Write out the lines of the material below exactly, beginning at the line with "Mongolia has a" and stopping after the line with "Между тем сейчас", and leave out the pictures.

Data shown ->
········

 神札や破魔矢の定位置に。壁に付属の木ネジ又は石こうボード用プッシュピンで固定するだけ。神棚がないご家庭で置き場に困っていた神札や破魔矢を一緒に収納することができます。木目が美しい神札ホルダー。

········

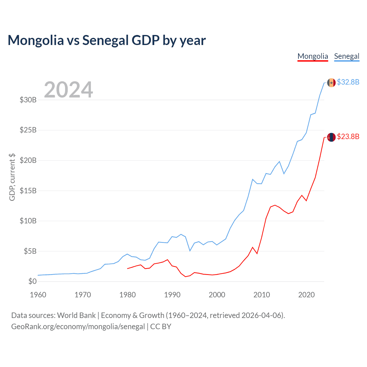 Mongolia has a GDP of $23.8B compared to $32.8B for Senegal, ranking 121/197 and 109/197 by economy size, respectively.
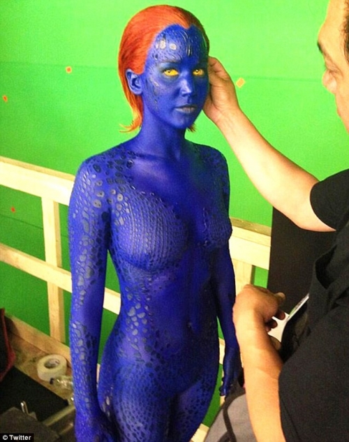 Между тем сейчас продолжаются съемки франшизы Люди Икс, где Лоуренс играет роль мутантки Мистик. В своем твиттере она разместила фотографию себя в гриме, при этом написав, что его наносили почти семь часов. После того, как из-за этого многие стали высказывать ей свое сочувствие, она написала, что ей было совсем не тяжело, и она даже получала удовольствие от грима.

········

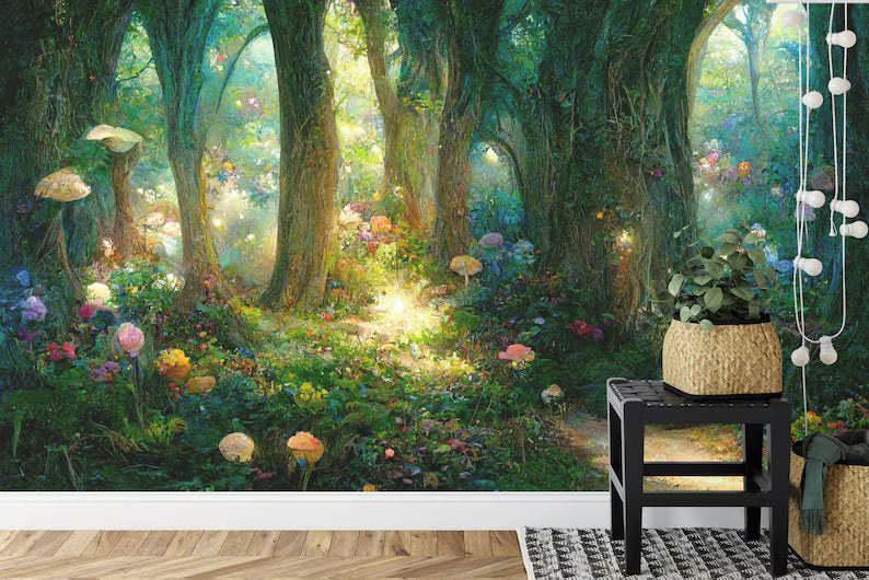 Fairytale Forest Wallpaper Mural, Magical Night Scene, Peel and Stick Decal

········

Task solution ->
 Mongolia has a GDP of $23.8B compared to $32.8B for Senegal, ranking 121/197 and 109/197 by economy size, respectively.
 Между тем сейчас продолжаются съемки франшизы Люди Икс, где Лоуренс играет роль мутантки Мистик. В своем твиттере она разместила фотографию себя в гриме, при этом написав, что его наносили почти семь часов. После того, как из-за этого многие стали высказывать ей свое сочувствие, она написала, что ей было совсем не тяжело, и она даже получала удовольствие от грима.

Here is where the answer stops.